• **TASK BRIEF**:
The data should be written out in full, exactly as it stands, and the pictures dropped.

• **INFORMATION SUPPLIED**:
---+---
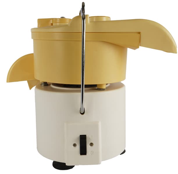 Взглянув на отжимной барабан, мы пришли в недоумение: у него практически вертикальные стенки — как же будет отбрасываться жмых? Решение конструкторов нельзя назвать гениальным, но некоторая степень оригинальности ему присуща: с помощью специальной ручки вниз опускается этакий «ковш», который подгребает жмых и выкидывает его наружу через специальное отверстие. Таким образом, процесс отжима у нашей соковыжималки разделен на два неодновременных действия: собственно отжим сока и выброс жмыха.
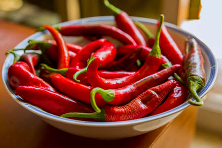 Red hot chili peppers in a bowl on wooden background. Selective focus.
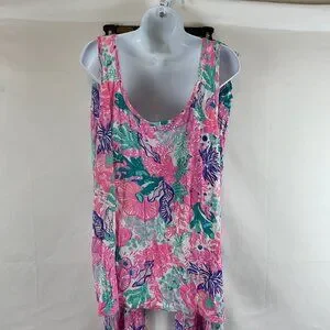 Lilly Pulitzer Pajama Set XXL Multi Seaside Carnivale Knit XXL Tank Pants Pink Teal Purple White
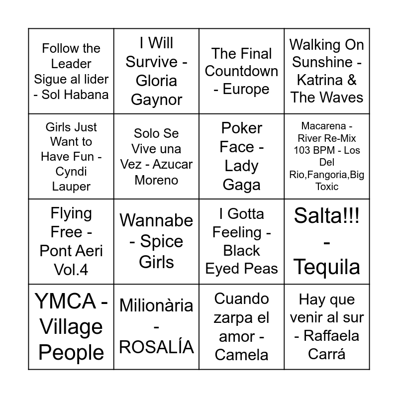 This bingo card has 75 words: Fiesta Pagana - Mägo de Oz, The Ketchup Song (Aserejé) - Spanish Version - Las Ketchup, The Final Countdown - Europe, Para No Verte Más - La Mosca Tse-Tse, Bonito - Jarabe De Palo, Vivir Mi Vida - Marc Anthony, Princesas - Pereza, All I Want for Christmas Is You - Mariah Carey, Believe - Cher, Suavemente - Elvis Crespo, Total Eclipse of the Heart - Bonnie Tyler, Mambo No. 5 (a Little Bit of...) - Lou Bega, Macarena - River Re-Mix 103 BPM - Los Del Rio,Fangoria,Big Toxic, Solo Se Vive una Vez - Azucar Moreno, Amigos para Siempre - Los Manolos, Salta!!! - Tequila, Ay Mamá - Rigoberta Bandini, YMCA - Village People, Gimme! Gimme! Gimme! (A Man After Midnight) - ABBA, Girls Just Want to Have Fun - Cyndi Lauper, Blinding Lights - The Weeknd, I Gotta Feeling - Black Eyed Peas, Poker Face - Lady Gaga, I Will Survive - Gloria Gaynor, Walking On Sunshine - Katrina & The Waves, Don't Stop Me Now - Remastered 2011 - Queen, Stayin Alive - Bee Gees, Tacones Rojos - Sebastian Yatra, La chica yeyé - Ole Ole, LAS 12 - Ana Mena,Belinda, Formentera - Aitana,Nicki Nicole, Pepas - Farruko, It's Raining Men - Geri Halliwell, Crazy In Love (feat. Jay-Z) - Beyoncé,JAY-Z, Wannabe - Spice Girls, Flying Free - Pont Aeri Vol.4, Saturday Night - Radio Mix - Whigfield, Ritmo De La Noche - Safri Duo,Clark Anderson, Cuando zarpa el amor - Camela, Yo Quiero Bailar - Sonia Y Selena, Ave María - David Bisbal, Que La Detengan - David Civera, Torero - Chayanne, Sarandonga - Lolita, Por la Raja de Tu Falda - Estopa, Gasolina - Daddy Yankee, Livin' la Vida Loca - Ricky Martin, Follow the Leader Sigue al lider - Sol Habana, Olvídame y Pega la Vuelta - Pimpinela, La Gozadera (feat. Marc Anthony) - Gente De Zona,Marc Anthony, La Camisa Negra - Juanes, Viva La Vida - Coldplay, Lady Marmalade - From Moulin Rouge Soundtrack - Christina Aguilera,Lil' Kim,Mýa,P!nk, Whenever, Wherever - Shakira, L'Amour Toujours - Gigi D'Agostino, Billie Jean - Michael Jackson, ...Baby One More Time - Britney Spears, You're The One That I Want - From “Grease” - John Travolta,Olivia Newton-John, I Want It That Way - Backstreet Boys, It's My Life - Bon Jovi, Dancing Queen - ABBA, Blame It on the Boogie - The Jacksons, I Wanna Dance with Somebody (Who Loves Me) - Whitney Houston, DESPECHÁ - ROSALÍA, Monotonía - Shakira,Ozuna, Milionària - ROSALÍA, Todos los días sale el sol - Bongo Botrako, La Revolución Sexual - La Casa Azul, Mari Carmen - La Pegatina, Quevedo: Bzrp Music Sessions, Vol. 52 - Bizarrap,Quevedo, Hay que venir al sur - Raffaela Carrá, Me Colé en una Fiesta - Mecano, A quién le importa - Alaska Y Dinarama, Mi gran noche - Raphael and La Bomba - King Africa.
---+---
• **OUTPUT**:
 Взглянув на отжимной барабан, мы пришли в недоумение: у него практически вертикальные стенки — как же будет отбрасываться жмых? Решение конструкторов нельзя назвать гениальным, но некоторая степень оригинальности ему присуща: с помощью специальной ручки вниз опускается этакий «ковш», который подгребает жмых и выкидывает его наружу через специальное отверстие. Таким образом, процесс отжима у нашей соковыжималки разделен на два неодновременных действия: собственно отжим сока и выброс жмыха.
 Red hot chili peppers in a bowl on wooden background. Selective focus.
 Lilly Pulitzer Pajama Set XXL Multi Seaside Carnivale Knit XXL Tank Pants Pink Teal Purple White
 This bingo card has 75 words: Fiesta Pagana - Mägo de Oz, The Ketchup Song (Aserejé) - Spanish Version - Las Ketchup, The Final Countdown - Europe, Para No Verte Más - La Mosca Tse-Tse, Bonito - Jarabe De Palo, Vivir Mi Vida - Marc Anthony, Princesas - Pereza, All I Want for Christmas Is You - Mariah Carey, Believe - Cher, Suavemente - Elvis Crespo, Total Eclipse of the Heart - Bonnie Tyler, Mambo No. 5 (a Little Bit of...) - Lou Bega, Macarena - River Re-Mix 103 BPM - Los Del Rio,Fangoria,Big Toxic, Solo Se Vive una Vez - Azucar Moreno, Amigos para Siempre - Los Manolos, Salta!!! - Tequila, Ay Mamá - Rigoberta Bandini, YMCA - Village People, Gimme! Gimme! Gimme! (A Man After Midnight) - ABBA, Girls Just Want to Have Fun - Cyndi Lauper, Blinding Lights - The Weeknd, I Gotta Feeling - Black Eyed Peas, Poker Face - Lady Gaga, I Will Survive - Gloria Gaynor, Walking On Sunshine - Katrina & The Waves, Don't Stop Me Now - Remastered 2011 - Queen, Stayin Alive - Bee Gees, Tacones Rojos - Sebastian Yatra, La chica yeyé - Ole Ole, LAS 12 - Ana Mena,Belinda, Formentera - Aitana,Nicki Nicole, Pepas - Farruko, It's Raining Men - Geri Halliwell, Crazy In Love (feat. Jay-Z) - Beyoncé,JAY-Z, Wannabe - Spice Girls, Flying Free - Pont Aeri Vol.4, Saturday Night - Radio Mix - Whigfield, Ritmo De La Noche - Safri Duo,Clark Anderson, Cuando zarpa el amor - Camela, Yo Quiero Bailar - Sonia Y Selena, Ave María - David Bisbal, Que La Detengan - David Civera, Torero - Chayanne, Sarandonga - Lolita, Por la Raja de Tu Falda - Estopa, Gasolina - Daddy Yankee, Livin' la Vida Loca - Ricky Martin, Follow the Leader Sigue al lider - Sol Habana, Olvídame y Pega la Vuelta - Pimpinela, La Gozadera (feat. Marc Anthony) - Gente De Zona,Marc Anthony, La Camisa Negra - Juanes, Viva La Vida - Coldplay, Lady Marmalade - From Moulin Rouge Soundtrack - Christina Aguilera,Lil' Kim,Mýa,P!nk, Whenever, Wherever - Shakira, L'Amour Toujours - Gigi D'Agostino, Billie Jean - Michael Jackson, ...Baby One More Time - Britney Spears, You're The One That I Want - From “Grease” - John Travolta,Olivia Newton-John, I Want It That Way - Backstreet Boys, It's My Life - Bon Jovi, Dancing Queen - ABBA, Blame It on the Boogie - The Jacksons, I Wanna Dance with Somebody (Who Loves Me) - Whitney Houston, DESPECHÁ - ROSALÍA, Monotonía - Shakira,Ozuna, Milionària - ROSALÍA, Todos los días sale el sol - Bongo Botrako, La Revolución Sexual - La Casa Azul, Mari Carmen - La Pegatina, Quevedo: Bzrp Music Sessions, Vol. 52 - Bizarrap,Quevedo, Hay que venir al sur - Raffaela Carrá, Me Colé en una Fiesta - Mecano, A quién le importa - Alaska Y Dinarama, Mi gran noche - Raphael and La Bomba - King Africa.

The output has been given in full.